President Obama is very unhappy about his crashing poll numbers, and he wants Americans to know he’s the first president in history whose policies have absolutely nothing to do with the price of gas. Here’s a public service announcement Obama put together, explaining why high gas prices are completely disconnected from White House policies:
Whoops, my mistake! That’s Barack Obama in 2008, blaming George Bush for high gas prices, which were causing unbearable suffering for working Americans. Behind him, you’ll see a sign with gas prices Obama can only dream about.
Hang on until the halfway point, and you’ll hear candidate Obama promise to reduce the price of gas once he gets into office… you know, the sort of promise he now claims is totally disingenuous and impossible, made only by ignorant Flat Earth types who keep asking impertinent questions about the hundreds of billions of taxpayer dollars Obama has wasted on useless “green energy” garbage.
At any rate, the President decided it would take his own special, personal political touch to sell his new message of hopeless despair to those hard-working middle-class Americans, so he decided to launch a “5,000-mile, four-state, two-day trip on Air Force One to contain the political damage caused by high gas prices,” as reported by the Daily Caller.
It’s off to Nevada, New Mexico, Oklahoma, and Colorado for our intrepid incumbent, who will “tout his administration’s efforts to reduce the nation’s use of gasoline.”
And he’ll use a gigantic amount of fuel doing it:
His 5,000-mile trip will consume roughly 25,000 gallons of jet fuel, according to Boeing.
That adds up to a fuel bill of $80,000, assuming the Air Force buys jet fuel at the cheapest cost, now estimated at $3.20 a gallon by the U.S. Energy Administration. The retail price for jet-fuel at local airports is just over $6 a gallon, including taxes.
Still, the cheapest jet-fuel costs about 43 cents less per gallon than the $3.63 cost of auto gasoline in Columbus, in swing-state Ohio, where the president will make his final speech on the trip.
The cost of gasoline is boosted by state taxes, which amount to roughly 40 cents per gallon, according to GasBuddy.com, which tracks the cost of gasoline in each state.
The president’s support aircraft, including the C-17 cargo jets that carry his armored limousines and additional vehicles to cities before his arrival, will each burn a comparable amount of additional jet-fuel during the campaign swing.
(Emphasis mine.) One of Obama’s blame-avoidance campaign stops will be at the Copper Mountain Solar 1 solar-panel facility, which uses a million solar panels to provide energy to 17,000 homes. Obama will doubtless promote this facility as a great example of our New Sustainable Future. The next time you hear Obama or his apologists sneer at the 20,000 jobs that would have been created by the Keystone XL pipeline, remember that the Solar 1 facility has… five permanent employees.

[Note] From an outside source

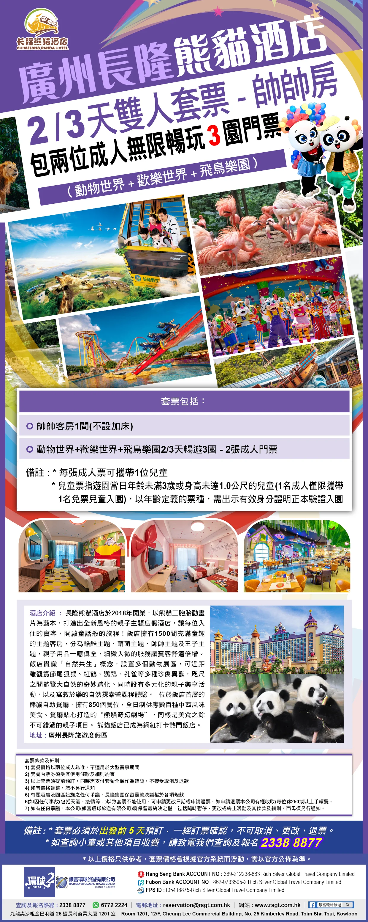 廣州長隆熊貓酒店【2/3天雙人套餐】帥帥房(包2位無限暢玩3園-動物世界+歡樂世界+飛鳥樂園)

As Nick Sibilla at Reason noted in February, the solar plant was built by unilaterally bypassing the kind of hyper-regulation Obama favors for all other industries, combined with incentives including $12 million in sales tax abatements for equipment purchases, a 55 percent property tax reduction for 20 years, and a 30 percent federal investment tax credit. So “green energy” works great, as long as you subsidize the crap out of it, choke off all other industries with regulatory nooses, and don’t expect more than a handful of “green jobs” to materialize.
How will the public react to Obama burning zillions of gallons of jet fuel, plus gas for his immense motorcade and limousines, to give speeches where he lectures The Little Guy on the need to get by with less gasoline, until our post-industrial low-energy future can be fully implemented in a couple of decades? Much will depend on whether the Republicans have the good sense to milk some killer campaign commercials out of it. Meanwhile, I’m looking forward to the next round of “comedians” sighing and explaining how they just can’t find anything to mock about their dreamboat President.